Needless to say, air travel today isn't what it was even a year ago. COVID-19 has changed how we treat taking to the skies, but long before the pandemic, the TSA, or even jet engines, getting on a plane was way different than it is now.
Thanks to Rick88888888 on YouTube—this guy really likes the number eight—we can see how it used to be in 1929. This isn't just black and white footage, though. It's been motion-stabilized and had its speed adjusted to give it a less choppy feel, all while having its quality enhanced with help from A.I. colorization. The result, plainly put, is incredible.
The image above is really best experienced as a moving one in the video below, but yes, that's the Eiffel Tower—just 40 years young when this footage was taken and still the tallest man-made structure in the world. What you're seeing in the left of the frame is the Fokker F.VII airliner's radial engine.

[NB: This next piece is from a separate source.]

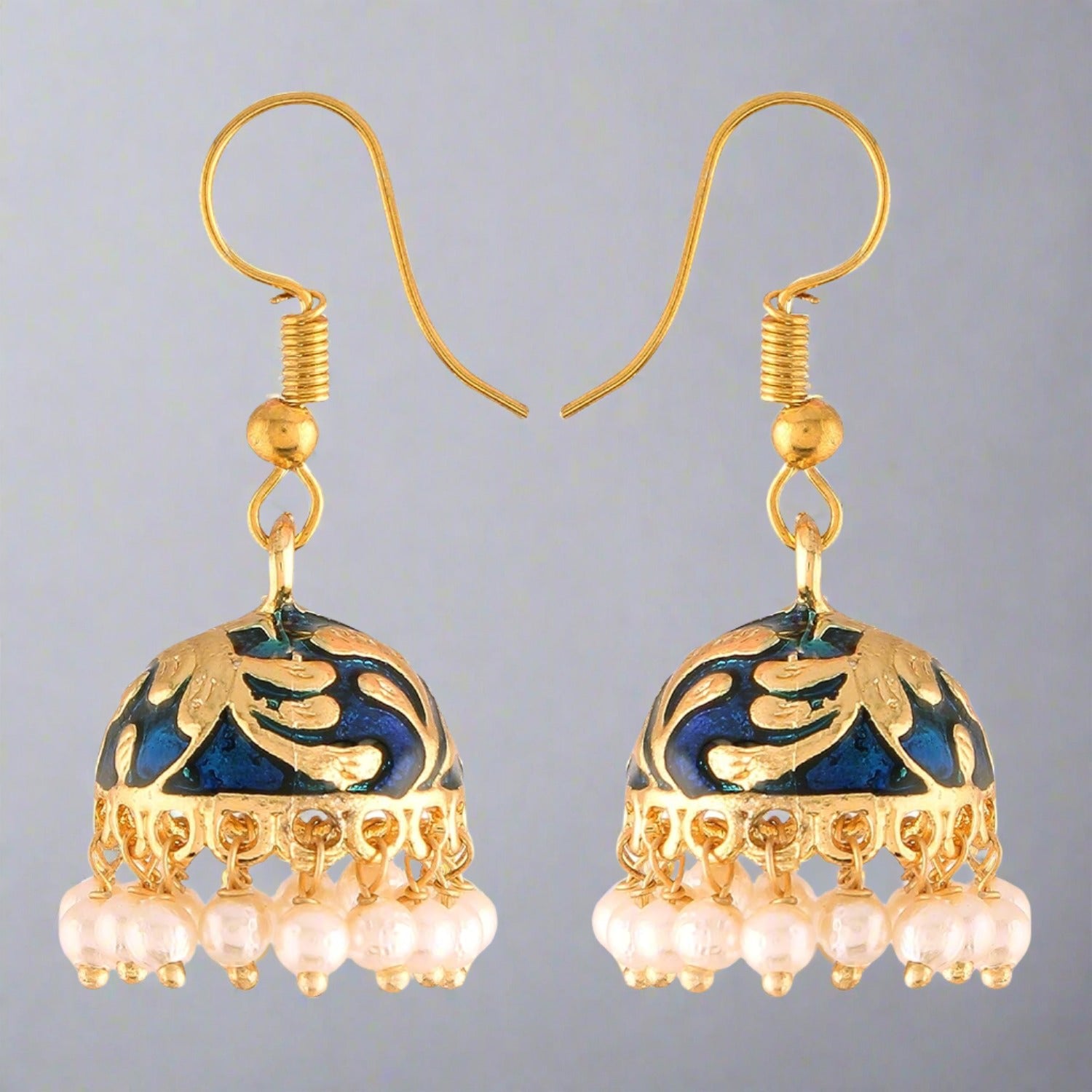 Look stylish and elegant with these Navy & Gold Jhumka earrings! Handcrafted with a timeless blue hue and shining pearls, these earrings will add a luxurious touch to any look. Why not make a statement and show off your timeless beauty?
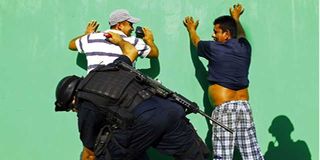 Mexican federal police check men in the streets of Apatzingan, Michoacan State, Mexico. The US has linked Kenyan Elisha Odhiambo Asumo to Mexican grouping called Cartel Jalisco Nueva Generación.

In the clip, you can see its exposed valvetrain ticking away as the plane cuts through the air.
The film actually has a few different planes in it. The first is the aforementioned tri-engine Fokker, while at around 2:27 a twin-engine plane—likely also a Fokker—replaces it. The last aircraft to be seen is the one in the lead image, another tri-engined machine, perhaps a Fokker F1X. With these early aircraft, sometimes it's hard to know exactly, and I'm no expert.
Interestingly, at least one of the planes in the video is being operated by KLM, also known as Royal Dutch Airlines. If that name sounds familiar, it's because KLM is still in business. It's been operating continuously for 102 years since its founding in 1919, making it the oldest airline in the world.
We've previously covered a similar restored film depicting a road trip that took place way back in 1895, well before cars were even close to mainstream. That was pretty cool—and extremely peaceful on the re-watch, gotta say—but the views weren't quite as spectacular. Paris before World War II is an incredible sight to behold from the air, especially after being restored in color and enhanced by A.I.
It may not be as cool as custom Dodge Neon airport baggage tractors, but hey, those things set a pretty high standard.